David Brooks. Photo: Flickr/Miller_Center

David Brooks is a rare bird—a conservative New York Times columnist. Paul Krugman, of course, is the Keynesian Nobel Prize-winning economist turned partisan Democratic warrior.

This week, the dispute boiled over, as Brooks penned a column suggesting much of today’s unemployment is structural, i.e., long term. Krugman countered with an angry blog post and a chart he claimed clinched the Keynesian, cyclical case. Peter S. Goodman reported on the whole you-know-what match in The Huffington Post and sided with Krugman. (So does Federal Reserve chairman Ben Bernanke, for the most part.)

To Keynesians, the problem is simple. There’s an “output gap” caused by a sharp decline in GDP and consumer spending that’s causing massive unemployment and underutilization of resources. The only way to fix it is for the federal government to spend enough to fill that hole and spur a recovery

And there is a huge output gap: When the bottom fell out in the fourth quarter of 2008, GDP plummeted by nearly 9%. The housing crash knocked out one leg of the typical recovery’s stool, and long-term unemployment is particularly high.
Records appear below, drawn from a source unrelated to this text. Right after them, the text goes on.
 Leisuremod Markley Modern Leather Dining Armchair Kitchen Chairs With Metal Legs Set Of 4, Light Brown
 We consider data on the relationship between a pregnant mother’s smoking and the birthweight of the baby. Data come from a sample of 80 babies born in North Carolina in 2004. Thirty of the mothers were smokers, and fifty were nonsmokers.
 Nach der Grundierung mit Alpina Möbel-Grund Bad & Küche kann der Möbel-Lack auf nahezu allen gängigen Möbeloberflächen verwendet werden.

But what’s really unusual about the Great Recession and semi-recovery is the structural, i.e., long-term, nature of much of the unemployment. Here are four reasons it’s different this time.

1. Capital is global, and so is technology. Capital allows multinational companies to go where the  growth and low costs are; technology lets them knit their global networks together seamlessly. That’s why in the 2000s US multinationals added almost two million jobs in rapidly growing Asia and Latin America while cutting nearly 900,000 in the mature US. Most of that change occurred before the Great Recession.
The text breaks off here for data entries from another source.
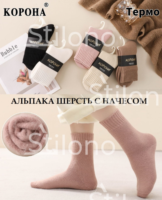 Женские теплые гольфы в рубчик из шерсти ламы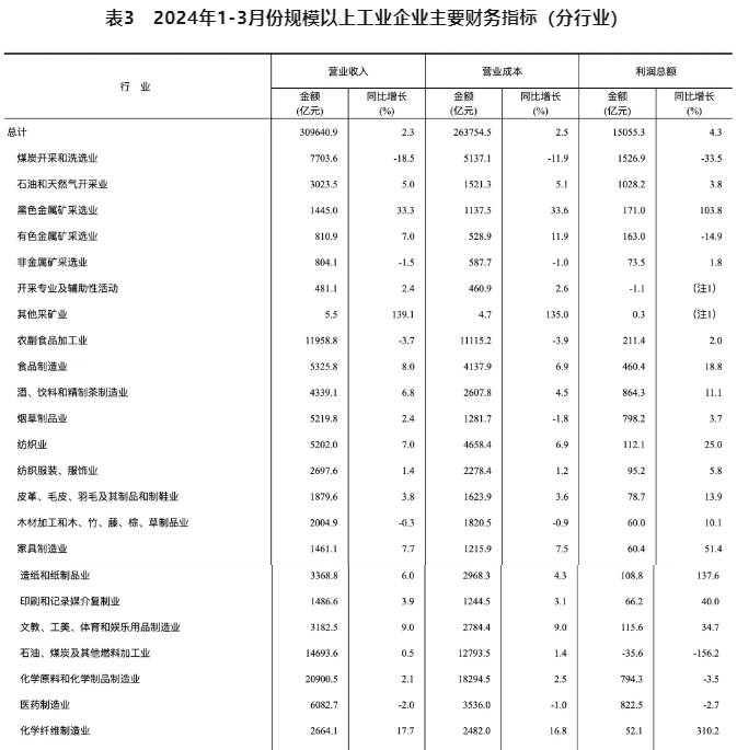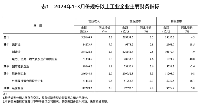 2024年1-3月份,全國規(guī)模以上工業(yè)企業(yè)實現(xiàn)利潤總額15055.3億元,同比增長4.3%(按可比口徑計算)。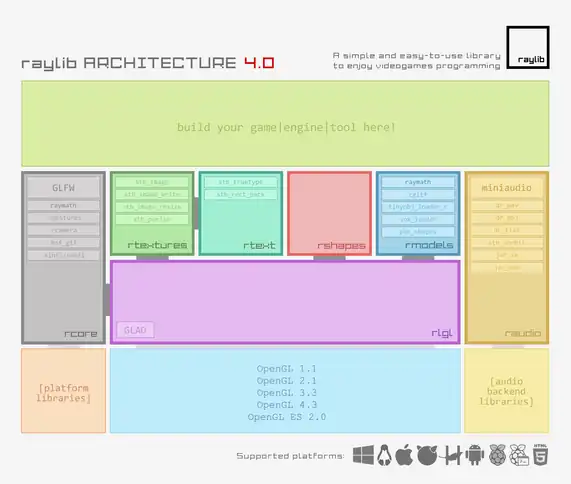 Raylib consists of several modules that are exposed to the programmer through the API.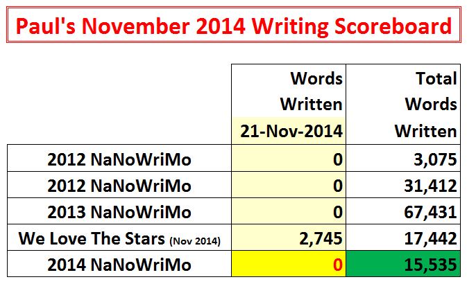 The good news is that I got to go to that tremendous NASA Social for two days. The bad news is that the time spent for days beforehand doing my homework for that event so that I could ask intelligent questions, plus the event itself, plus writing about it after the event (2581 words today about Day Two, woo hoo!), all are sucking huge chunks of time out of my NaNoWriMo writing time.

2. Free trade elevated China and other competitors. The US lost six million manufacturing jobs from 2001 to 2009—maybe a third of those since the beginning of the recession. A 2011 report from the liberal Economic Policy Institute said the US trade deficit with China cost 2.8 million US jobs from 2001 to 2010. In 2001, China entered the World Trade Organization. How was that cyclical?

Workers at an electronics plant in Shenzhen, China. © BartlomiejMagierowski /Shutterstock.com.

3. Housing and finance played much too big a role in the economy. The housing bubble was fueled by rock-bottom interest rates, speculative finance, and a misguided government emphasis on home ownership. When housing collapsed, it cost hundreds of thousands of construction jobs, but more importantly left millions of overleveraged consumers under water on their homes. The mortgage market remains broken, too. I can’t quantify the total impact, but it is profound and long-lasting.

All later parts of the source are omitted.